Они прошли переходами, вышли на соборную площадь, пустынную по вечерней поре. Молчаливая стража, бряцая оружием, подошла было к великому князю и замерла, отстраненная велением руки. Слуги Алексия тоже двинулись было, но и они по знаку наместника воротили вспять. Лишь двое служек с орудьями, надобными для ночного служения, поспешали следом. Оснеженная серо-синяя площадь, огромная по малости соборов и хором, отселе вся распахнулась взору. Позднее, когда возникли величественные сооружения Ивана Третьего, когда столп Ивана Великого вознес над площадью свою тяжкую главу и выросли каменные, красно-кирпичные терема, площадь как бы сузилась, умалилась в размерах. Теперь же она еще свободно открывалась миру и небу, вышитому по темно-синей, почти черной канве лазоревыми яхонтами звезд.

Церковь Спаса была заперта на замок, и служка долго гремел ключами, отворяя кованую решетку. Прошли внутрь. По мере того как служки возжигали свечи, мрак отодвигался все далее в углы и под своды собора и лики святых еще не всюду законченной росписи все больше остолпляли малые фигурки внизу, на каменных плитах пола, подавляя поздних пришельцев величием небесного хоровода, глядящего сквозь века и миры, с выси сфер, на бренную юдоль земного существования.

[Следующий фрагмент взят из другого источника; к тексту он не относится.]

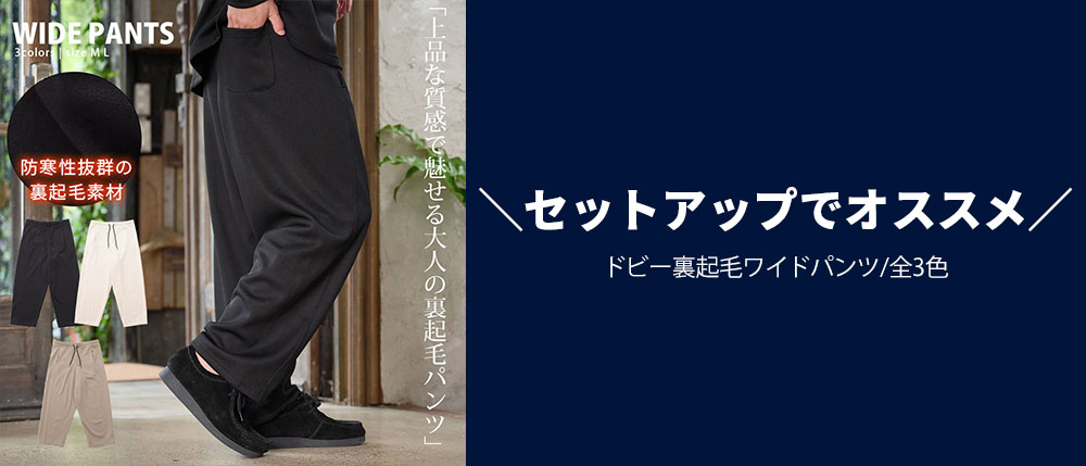 同素材のドビー裏起毛ワイドパンツとのセットアップも可能。
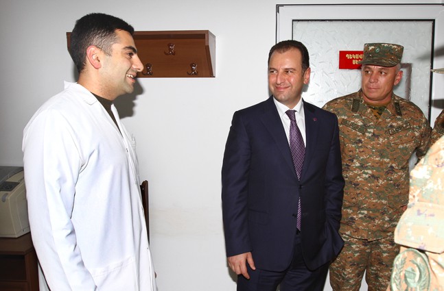 Այցելության շրջանակում ՀՀ պաշտպանության նախարարը, ԶՈՒ գլխավոր շտաբի պետը և ՀՀ նախագահի գլխավոր ռազմական տեսուչը ԼՂՀ ՊԲ հրամանատարի ուղեկցությամբ եղել են նաև ՊԲ «Ասպարեզ» ուսումնական կենտրոնում, հետևել այստեղ իրականացվող պարապմունքների ընթացքին, որից հետո կենտրոնական ենթակայության մի շարք զորամասերում հանդիպումներ են ունեցել և ճաշել են անձնակազմի հետ: ՀՀ պաշտպանության նախարարը շնորհակալություն է հայտնել զինծառայողներին բարեխիղճ ծառայության համար և ներկայացրել այն նոր մոտեցումները, որոնք ընկած կլինեն հայկական զինված ուժերի հետագա զարգացման հիմքում:
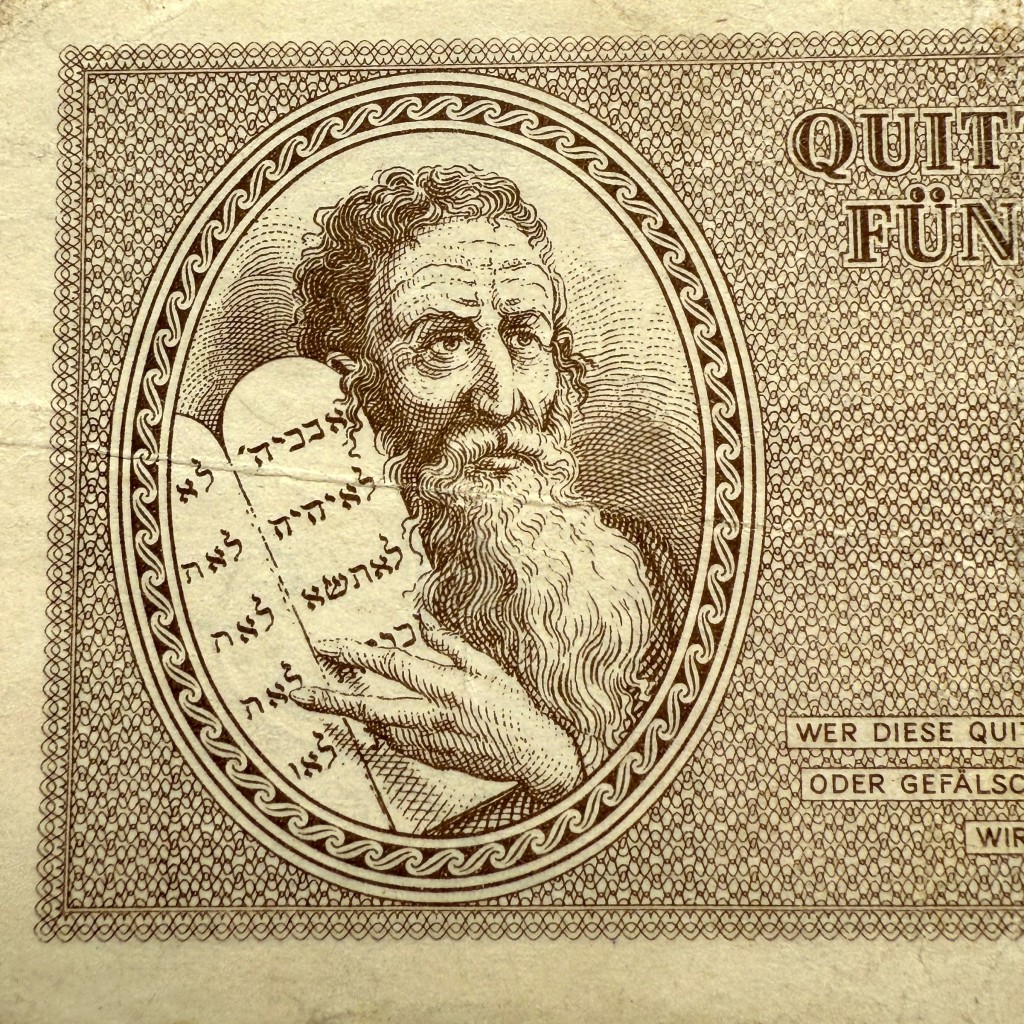 De voorzijde toont een gedetailleerd portret van Mozes met de stenen tafelen met Hebreeuwse inscripties, samen met de waardeaanduiding “5 Kronen” en een Davidster.

Алексий взошел в алтарь и возжег свечи на престоле. Князь опустился на колени перед алтарем, прямь царских дверей. Алексий, окончив приготовления, запел (Симеон тотчас, подхватив, запел тоже) канон молебный ко пресвятой Богородице «поемый во всякой скорби душевной и обстоянии»:

– К Богородице прилежно ныне притецем, грешнии и смиреннии, и припадем, в покаянии зовуще из глубины души: Владычице, помози, на ны милосердовавши, потщися, погибаем от множества прегрешений, не отврати твоя рабы тщи, тя бо и едину надежду имамы!

Голоса гулко отдаются под сводами. Оба служки, стоя сзади и тоже из уважения к князю опустившиеся на колени, стройно подпевают Алексию.

– Помилуй мя, Боже, но велицей милости твоей! – пел Симеон, погружаясь все глубже в головокружительную надзвездную бездну самоотречения. – И по множеству щедрот твоих очисти беззаконие мое!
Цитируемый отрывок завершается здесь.